Mariana Ribas
Repórter em Brasília cobrindo Congresso Nacional. Jornalista formada pela Pontifícia Universidade Católica de São Paulo (PUC-SP). Antes, foi repórter de Carf no JOTA. Email: mariana.ribas@jota.info
“O Brasil está prestes a enfrentar um momento de retrocesso em termos de luta contra a desigualdade social. Temos que ter cuidado, a arbitragem nunca foi tão importante como é hoje, se não prestarmos atenção a esse problema, veremos a arbitragem cair”, alerta Alexis Mourre, presidente da Câmara de Comércio Internacional (ICC, na sigla em inglês), durante a 9ª edição do ICC Arbitration Day, que ocorreu entre a última terça-feira (1/6) e quarta-feira (2/6).
O sistema arbitral está em crescimento no Brasil. Só os processos movidos pela Administração Pública - direta e indireta - aumentaram 17% em 2020. No ano de 2019, havia nas Câmaras arbitrais o total de 967 procedimentos em andamento, 65 a mais em relação ao ano anterior. É o que aponta a pesquisa “Arbitragem em Números e Valores”, da advogada e professora Selma Lemes.
Apesar dos números motivadores, a imprevisibilidade imposta pela pandemia da Covid-19 e a crise econômica colocam a discussão sobre os custos da arbitragem como um importante ponto que precisa de mudança, caso contrário, poderá haver consequências negativas para o setor.
"Aqui o desafio é desenhar um mecanismo que seja mais barato. A arbitragem convencional é mais cara para litígios de menor valor. Não se quer que a arbitragem de menor valor caia no mesmo problema, porque se cair não vai prosperar. Vai ser impossível competir com o Judiciário", disse Gustavo Franco, ex-presidente do Banco Central e sócio-fundador da Rio Bravo Investimentos, no evento.
Em janeiro deste ano, o Instituto Brasileiro de Geografia e Estatística (IBGE) divulgou um estudo que mostra que 44,8% das empresas brasileiras foram afetadas negativamente pela pandemia.
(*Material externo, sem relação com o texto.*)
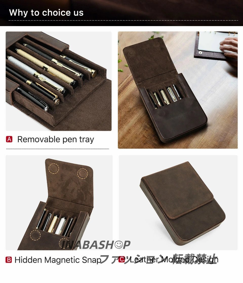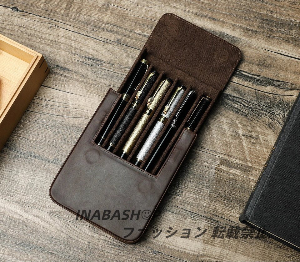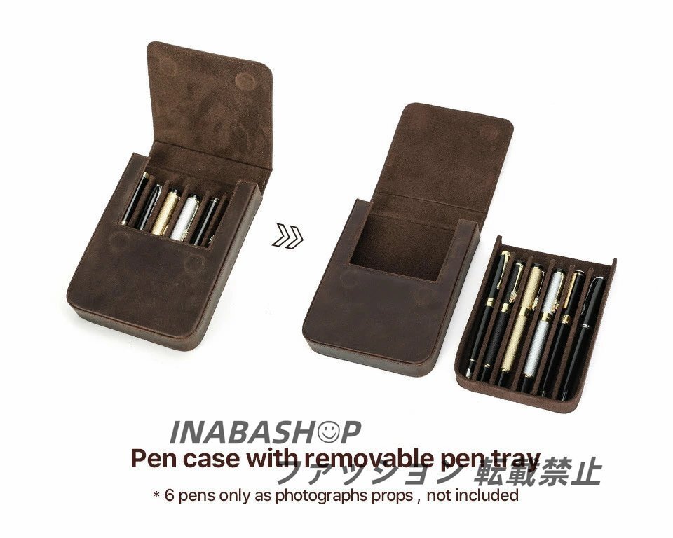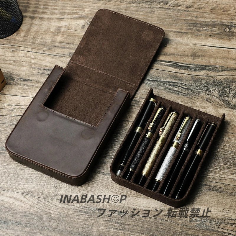 本革万年筆 ペンケース6本差し ペン本シンプル おしゃれ コンパクト 軽い 小さめスリム 筆箱 ふで箱 革小物 文房具 収納 牛革贈り物 父の日

Só em julho de 2020, o número de negócios que fecharam as portas no país foi de 716 mil, um aumento de 12,7%, de acordo com levantamento da Boa Vista.
Para Franco, a arbitragem pode ser uma solução para alguns problemas que essas empresas enfrentam, podendo trazer mais segurança econômica. Ele explica que isso é possível porque "a arbitragem preenche alguns vazios que o Judiciário não consegue suprir. É preciso que o sistema seja econômico para as partes e que dialogue com o Judiciário, porque se for um processo falho ele funcionará apenas como uma instância anterior, onde as partes vão continuar se desentendendo e depois procuram os tribunais".
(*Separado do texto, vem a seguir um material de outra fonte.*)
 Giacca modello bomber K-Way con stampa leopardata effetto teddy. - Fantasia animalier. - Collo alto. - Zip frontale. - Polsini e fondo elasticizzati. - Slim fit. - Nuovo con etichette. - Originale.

Olhando para a parte jurídica, Marcelo Trindade, advogado do escritório Trindade Advogados, avalia que também é importante que as decisões arbitrais sejam respeitadas por parte do Judiciário, para que haja segurança jurídica para o setor.
Em abril de 2020, a ICC pediu, através de uma carta aberta, uma ação urgente dos líderes do G20 em resposta à pandemia causada pela Covid-19, que se alastrava no mundo. O texto lista dez práticas para o enfrentamento da crise, entre elas a redução de tarifas e facilitação de comércio de produtos essenciais, manutenção de fluxos logísticos e de financiamento ao comércio.
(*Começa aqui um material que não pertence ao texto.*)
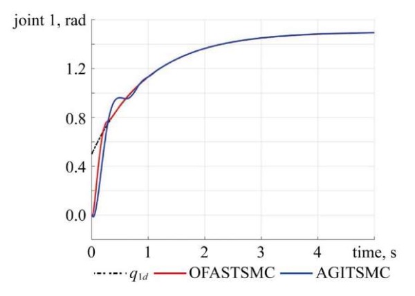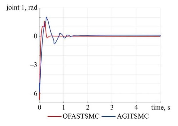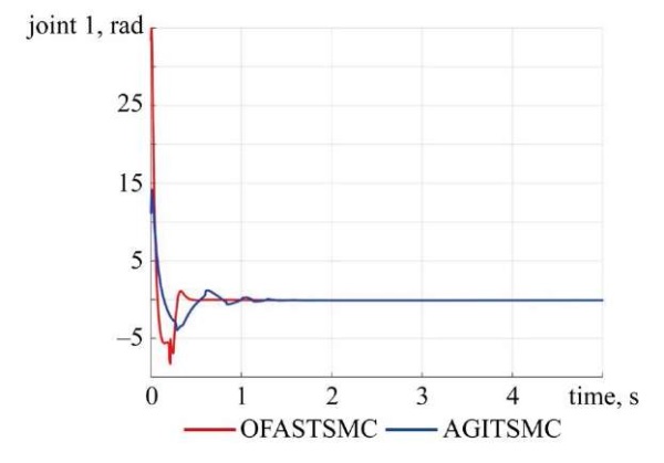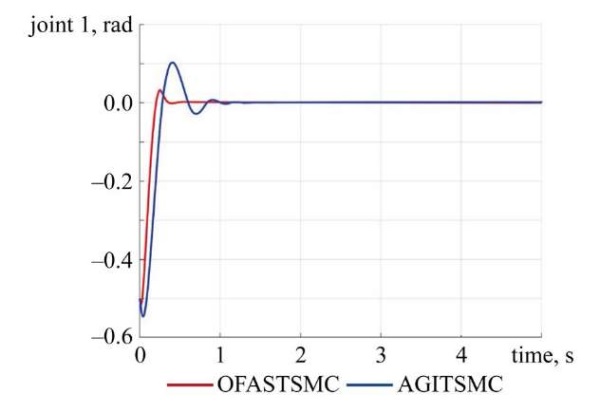 Conclusion. The results obtained confirm that OFASTSMC is an efficient and robust solution to the trajectory tracking problem in the presence of uncertainties. The method is computationally efficient and easy to implement in digital control systems, making it suitable for practical deployment in industrial robots, service manipulators, or surgical arms. Future research will focus on extending this method to task-space control and real hardware implementation under sensor noise and model mismatches.

Com a emissão de US$ 650 bilhões de Direitos Especiais de Saque (DES) do Fundo Monetário Internacional (FMI), o secretário-geral da ICC, John W.H. Denton, afirmou em reunião virtual com representantes do G20 em abril de 2021, que muitas empresas sentiriam que o grupo estaria apenas distribuindo “paliativos”, não uma recuperação duradoura. Assim, pediu um amplo pacote de solidariedade internacional.
“É tradicional entre economistas a distinção entre risco e incerteza. A crise de 1929 trouxe o desafio previsível de que o padrão hoje estaria sob ataque. Daqui em diante não se consegue vislumbrar o que será a mudança. Prever o futuro é sempre uma complicação”, explica Franco, em relação ao impacto econômico da crise da Covid-19.
A ICC Arbitration Day ocorreu de forma online e contou, também, com a presença dos especialistas Jan Kleinheisterkamp, professor associado de Direito (London School of Economics - Department of Law); Gustavo Franco, ex-presidente do Banco Central; Berardino Di Vecchia Neto, representante na América Latina do ICC YAF; Anne Marie Whitesell, LLM Program and Faculty Director, Program on International Arbitration and Dispute Resolution (Georgetown University) e Maurício Almeida Prado, sócio MAP Negotiation and Arbitration.